And that’s the thing that puzzles me. Like, where do all these people come from? Are they all living in the back of beyond and do they only come out once a year or what? Surely I can’t be the only one who wonders about this phenomenon?

Like, take today, I went into town.
The place was choc a bloc with strange cars, some with signs of rust on them and filthy number plates. My usual parking spot where I ALWAYS park without any trouble was gone. Sitting there as brazen as you like was a 2004 Fiesta. Worse, there was no free space at all nearby, I had to go half way up to Newmarket before I spotted a space that I could squeeze myself into.
Then I go into my favourite coffee shop as I do every week and not only do I not get seated at my favourite table but I’m damm lucky to get seated anywhere at all as the whole place is crammed with people. And the thing is, I’ve never seen any of these people before either. More bloody strangers and they all acting like they’ve not eaten a bite in days.

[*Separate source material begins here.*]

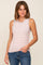 A striped tank top with a rounded neckline. Raw hem trim located at the neckline and sleeve openings.
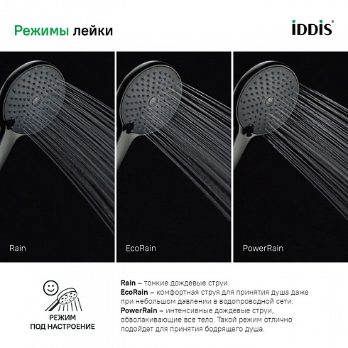 • За лейкой IDDIS® ухаживать очень просто: мягкие силиконовые форсунки мгновенно очищаются от загрязнений и известкового налета – достаточно провести по ним пальцем.

As I’m crossing the road to Super Value on my way down to the bookshop, I have to sidle my way between two parked cars. Next thing the door of one is fling open, catching me on the hip and throwing me back against the bonnet of the vehicle at the other side of me. I’m winded but does the woman apologise or ask me if I’m ok? No,she’s in far too much of a hurry to get into the shop to join all the other demented custoners roaming the aisles pushing out of control trolleys overflowing with food and crashing into everyone because they can’t see out over the mountain of food. And the thing is, I didn’t know her either, total stranger, never seen her before in my life.

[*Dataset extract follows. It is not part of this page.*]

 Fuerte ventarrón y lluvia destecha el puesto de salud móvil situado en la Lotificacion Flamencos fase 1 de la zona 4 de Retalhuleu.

At this stage, I admit defeat,I know every shop in the place is the same, I decide the book shop can wait until the New Year when all these strangers will have returned from whence they came and the town will settle down again and be a safe place both to park, shop and eat in.

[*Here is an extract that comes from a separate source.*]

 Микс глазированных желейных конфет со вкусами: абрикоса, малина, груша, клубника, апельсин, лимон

I go home and fairly murder a very large glass of hot port. I know with certainty that if I had to go through this experience every week, I’d either be permanently on xanax or a raving alcoholic.

Lord, I hope now I’ve enough food bought in, maybe I’ve been a bit cavalier, like, what if there is a bit of a famine like and I’m caught short…?

PS: I’ve a right bruise in my right hip, so I have, where that strange woman flung me up against the bonnet of the other car. Jeez, I hope it won’t turn septic or anything.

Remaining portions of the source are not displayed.